CHILD syndrome ichthyosis
Overview
Ichthyosis refers to a relatively uncommon group of skin disorders characterized by the presence of excessive amounts of dry surface scales. It is regarded as a disorder of keratinization or cornification, and it is due to abnormal epidermal differentiation or metabolism. The ichthyosiform dermatoses may be classified according to clinical manifestations, genetic presentation, and histologic findings.
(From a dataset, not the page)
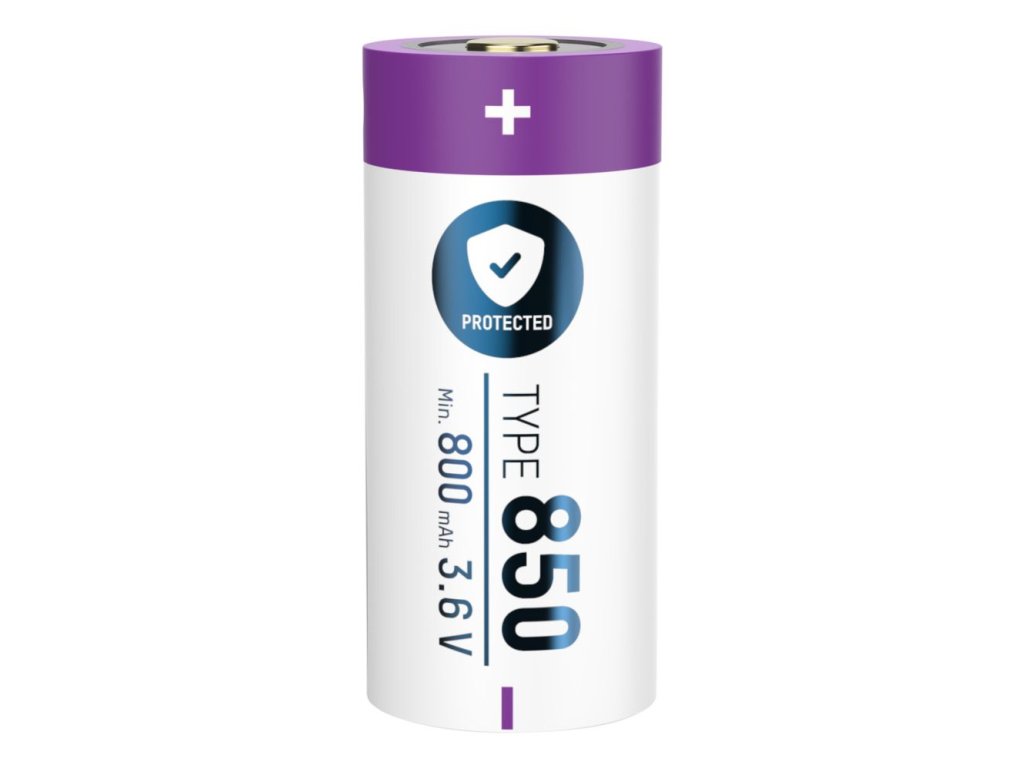 Li-Ion Akku 16340 / RCR123 Typ 850 (min. 800 mAh) mit USB Typ-C Ladebuchse. 16340 / RCR123 Lithium-Ionen Akku – 3,6 V / Typ 850 (min. 800 mAh) / 3,06 Wh – geschützter Akku aufgrund Sicherheitsbeschaltung - wiederaufladbare Alternative zu CR123A.

Inherited and acquired forms of ichthyosis have been described, and ocular alterations may occur in specific subtypes.
Symptoms
Conjunctiva - Keratinization and thickening secondary to ectropion Cornea * Exposure keratitis secondary to ectropion * Unilateral megalocornea (lamellar ichthyosis) * Pre-Descemet membrane opacities (X-linked ichthyosis) * Recurrent corneal erosion * Band keratopathy * Salzmann nodules (ichthyosis vulgaris) * Microphthalmos (rare) * Anterior chamber cleavage syndrome (rare) * Enlarged corneal nerves (common to all forms) * Stromal vascularization * Limbal stem cell deficiency (KID syndrome [common])
Diagnosis
A physician often can diagnose ichthyosis by looking at the skin. A family history is also very useful. In some cases, a skin biopsy will be done to help to confirm the diagnosis. In a biopsy, a small piece of skin is removed and examined under a microscope. In some instances, genetic testing may be helpful in making a diagnosis. Ichthyosis is not more or less common in any ethnic group. As of now, there is no way to prevent ichthyosis.
Treatment
Treatments for ichthyosis often take the form of topical application of creams and emollient oils, in an attempt to hydrate the skin. Retinoids are also used for some conditions. Exposure to sunlight may improve or worsen the condition. There can be ocular manifestations of ichthyosis, such as corneal and ocular surface diseases. Vascularizing keratitis, which is more commonly found in congenital keratitis-ichythosis-deafness (KID), may worsen with isotretinoin therapy.